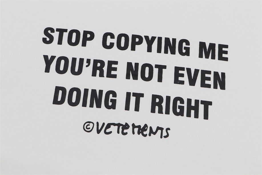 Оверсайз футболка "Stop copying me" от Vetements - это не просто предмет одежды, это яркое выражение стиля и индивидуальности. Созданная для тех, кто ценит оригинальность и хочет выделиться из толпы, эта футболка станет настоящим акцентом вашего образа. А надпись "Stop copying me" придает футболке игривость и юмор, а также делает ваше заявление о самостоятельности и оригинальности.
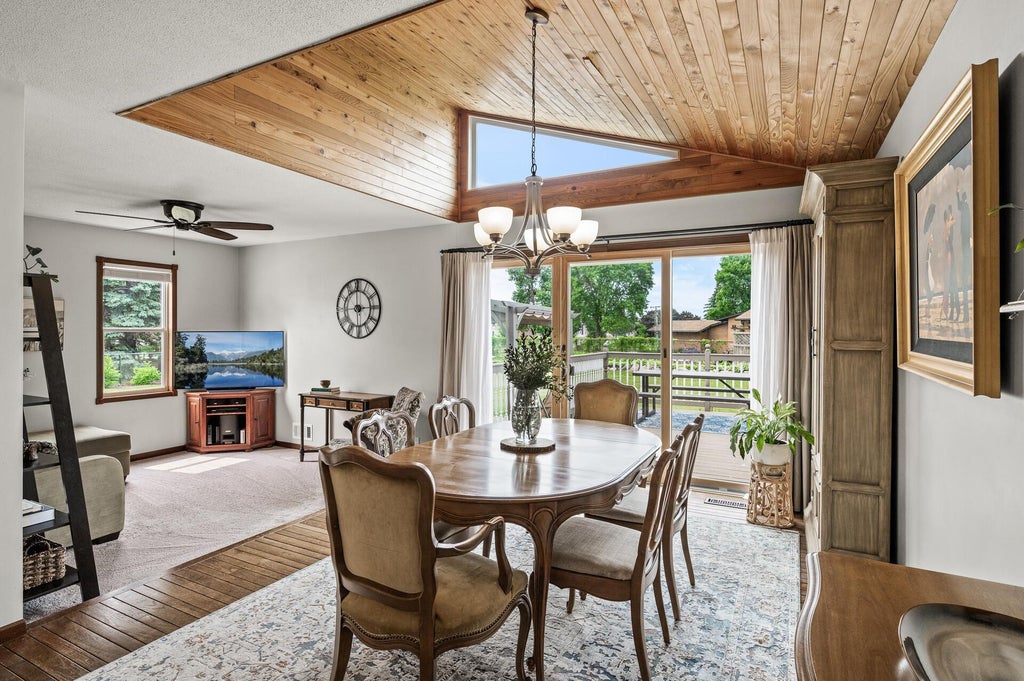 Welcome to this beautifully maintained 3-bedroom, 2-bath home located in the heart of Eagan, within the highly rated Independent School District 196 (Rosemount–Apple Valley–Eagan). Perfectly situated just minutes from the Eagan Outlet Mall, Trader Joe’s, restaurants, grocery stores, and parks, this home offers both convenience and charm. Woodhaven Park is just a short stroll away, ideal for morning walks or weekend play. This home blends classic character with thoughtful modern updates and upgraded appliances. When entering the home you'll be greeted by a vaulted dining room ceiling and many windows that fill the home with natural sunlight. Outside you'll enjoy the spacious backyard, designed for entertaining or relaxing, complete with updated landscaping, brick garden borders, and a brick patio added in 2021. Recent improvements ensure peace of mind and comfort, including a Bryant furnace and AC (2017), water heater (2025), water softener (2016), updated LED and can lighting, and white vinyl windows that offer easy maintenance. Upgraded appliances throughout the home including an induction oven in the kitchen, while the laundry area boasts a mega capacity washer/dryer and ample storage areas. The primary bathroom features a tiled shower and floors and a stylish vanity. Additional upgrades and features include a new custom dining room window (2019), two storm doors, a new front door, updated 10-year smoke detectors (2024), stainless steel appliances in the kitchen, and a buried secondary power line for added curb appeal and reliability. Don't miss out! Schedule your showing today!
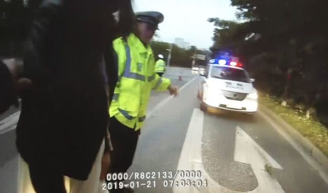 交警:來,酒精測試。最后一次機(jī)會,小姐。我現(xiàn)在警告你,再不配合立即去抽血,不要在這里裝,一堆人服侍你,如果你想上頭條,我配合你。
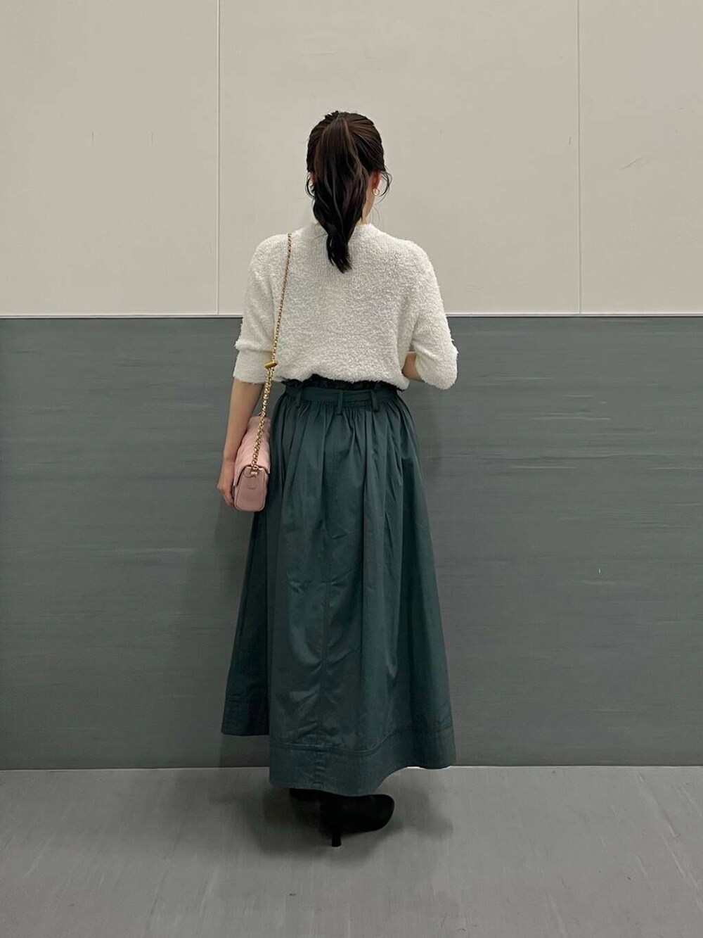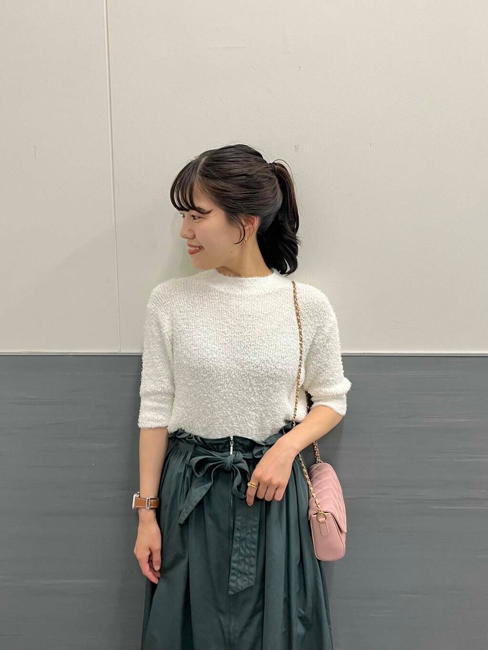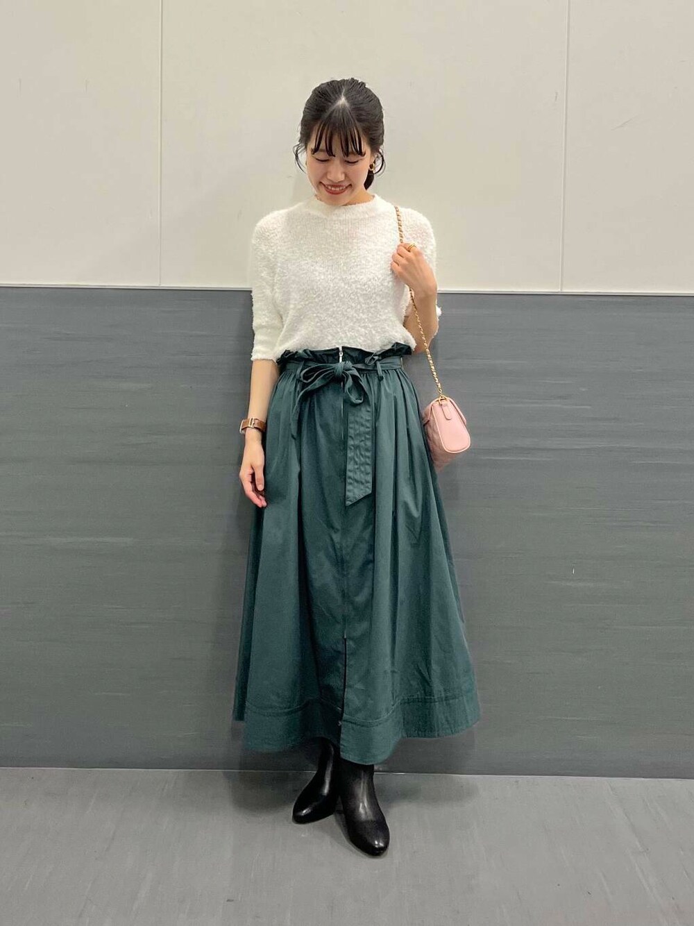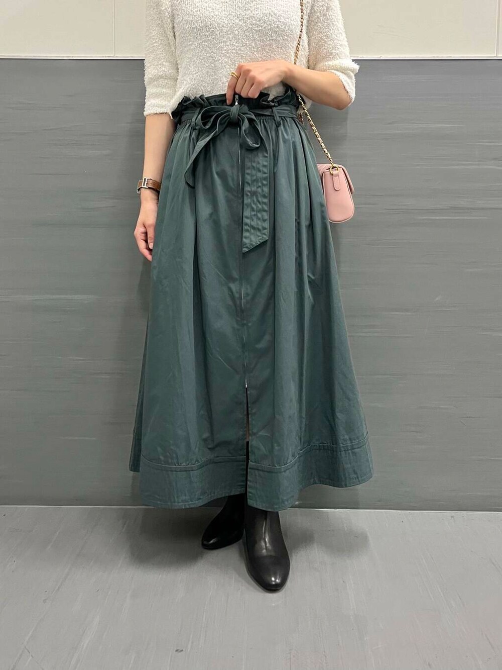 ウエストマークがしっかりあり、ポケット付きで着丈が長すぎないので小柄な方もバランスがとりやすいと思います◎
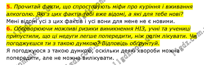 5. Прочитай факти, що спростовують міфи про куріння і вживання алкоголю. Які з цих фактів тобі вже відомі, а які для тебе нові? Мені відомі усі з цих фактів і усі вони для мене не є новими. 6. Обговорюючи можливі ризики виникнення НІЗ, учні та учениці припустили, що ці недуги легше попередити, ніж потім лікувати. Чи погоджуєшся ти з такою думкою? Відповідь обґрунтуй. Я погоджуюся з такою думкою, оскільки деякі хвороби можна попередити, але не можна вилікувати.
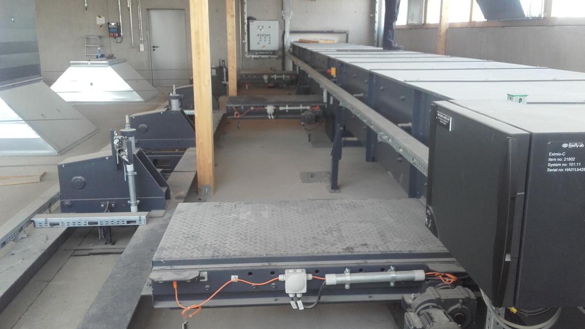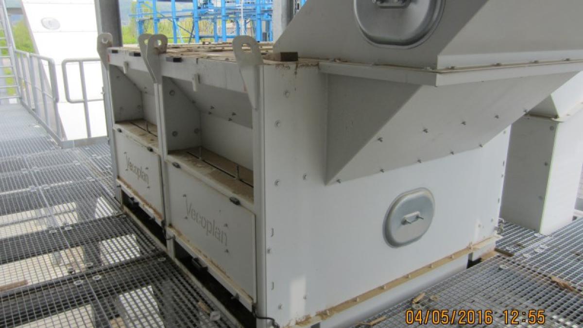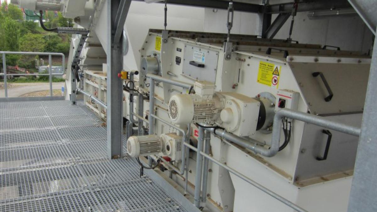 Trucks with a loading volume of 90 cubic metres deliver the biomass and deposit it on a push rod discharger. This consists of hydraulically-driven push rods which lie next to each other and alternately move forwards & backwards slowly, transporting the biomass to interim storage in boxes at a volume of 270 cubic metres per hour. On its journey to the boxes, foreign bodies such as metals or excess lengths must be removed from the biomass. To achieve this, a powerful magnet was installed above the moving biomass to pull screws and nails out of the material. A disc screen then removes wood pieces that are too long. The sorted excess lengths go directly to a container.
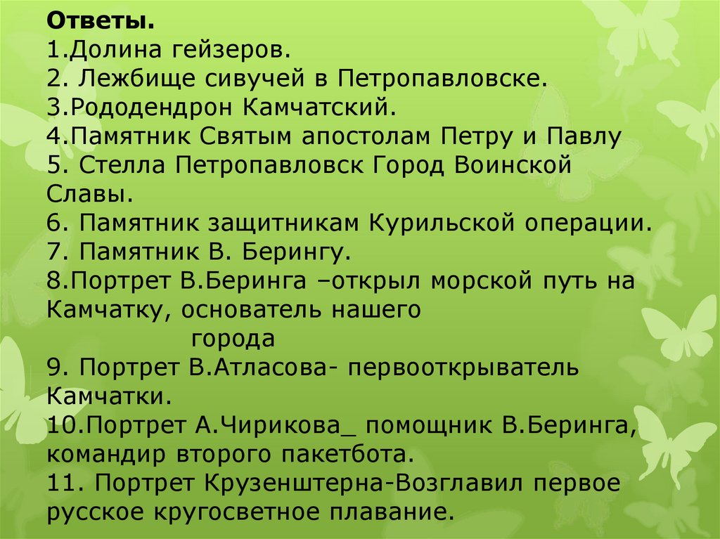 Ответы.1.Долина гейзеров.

...

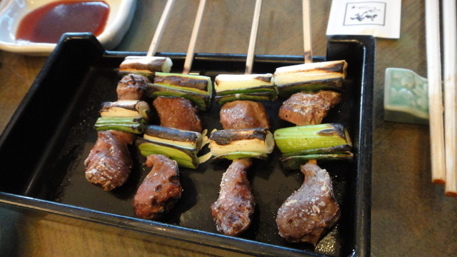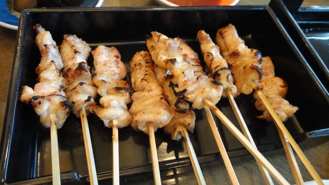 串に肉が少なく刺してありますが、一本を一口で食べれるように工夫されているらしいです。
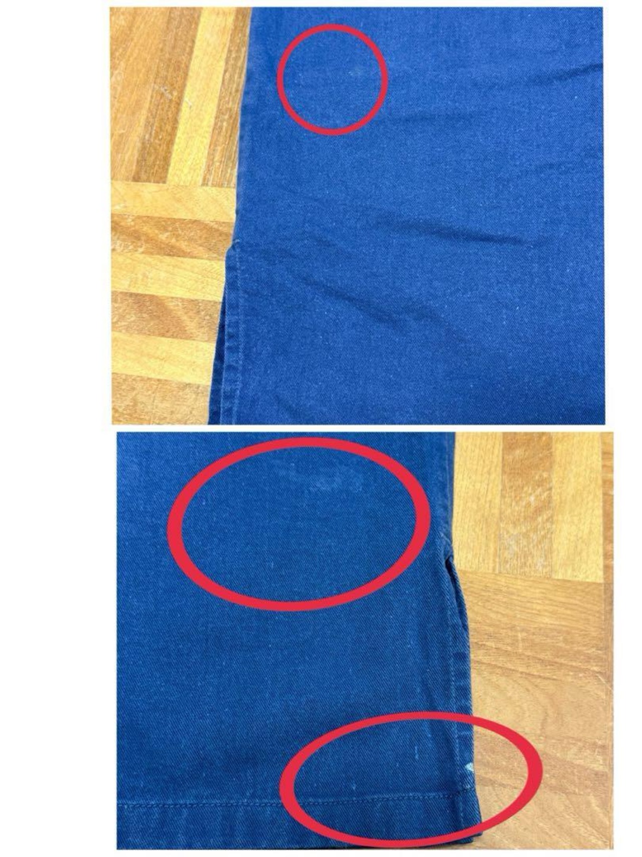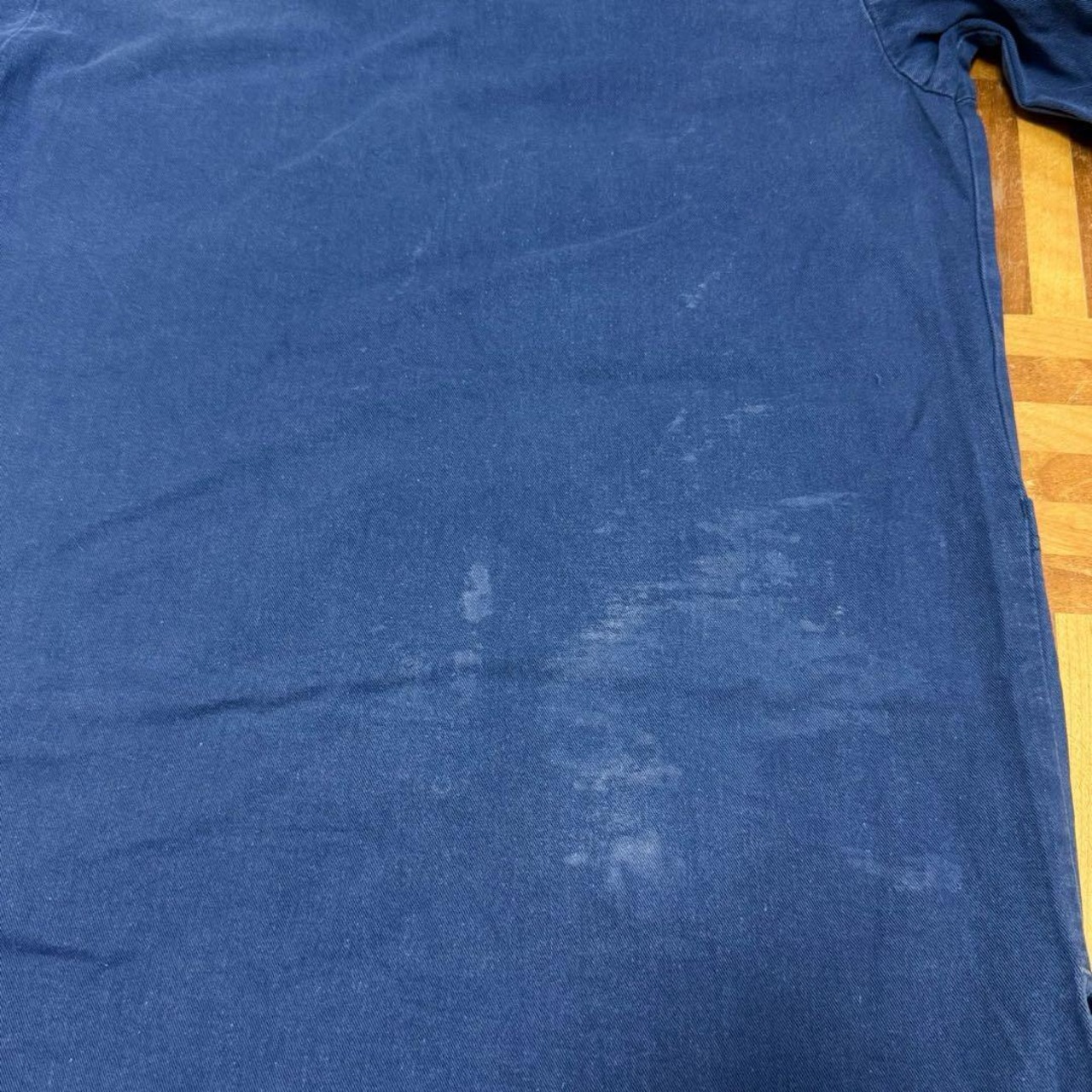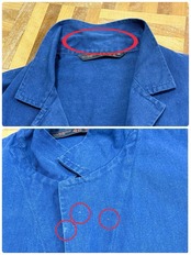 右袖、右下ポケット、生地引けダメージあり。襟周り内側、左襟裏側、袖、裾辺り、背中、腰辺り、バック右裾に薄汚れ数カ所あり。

---

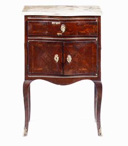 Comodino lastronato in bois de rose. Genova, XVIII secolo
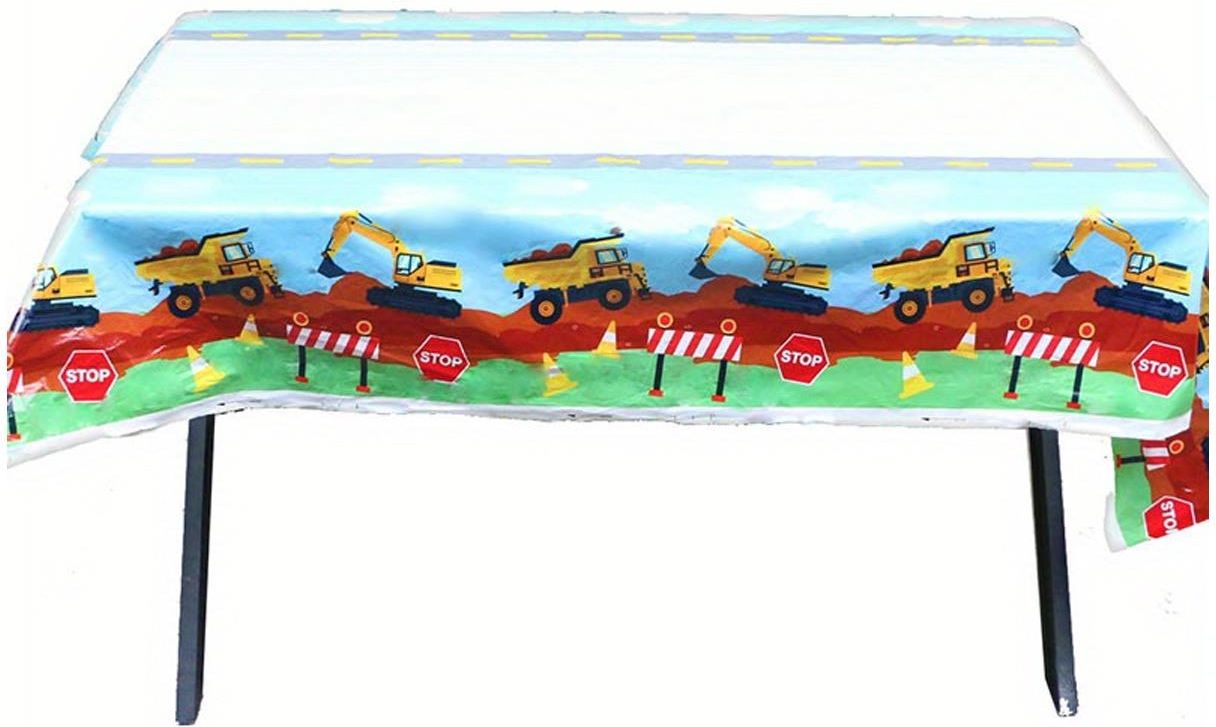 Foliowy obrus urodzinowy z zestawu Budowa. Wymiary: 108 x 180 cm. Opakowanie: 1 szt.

> _Task to carry out_
In the listing above, find the line with "交警:來,酒精測試。最后一次" and the line with "ウエストマークがしっかりあり". Output both, plus every line between them, and no pictures.

> _Response below_
 交警:來,酒精測試。最后一次機(jī)會,小姐。我現(xiàn)在警告你,再不配合立即去抽血,不要在這里裝,一堆人服侍你,如果你想上頭條,我配合你。
 ウエストマークがしっかりあり、ポケット付きで着丈が長すぎないので小柄な方もバランスがとりやすいと思います◎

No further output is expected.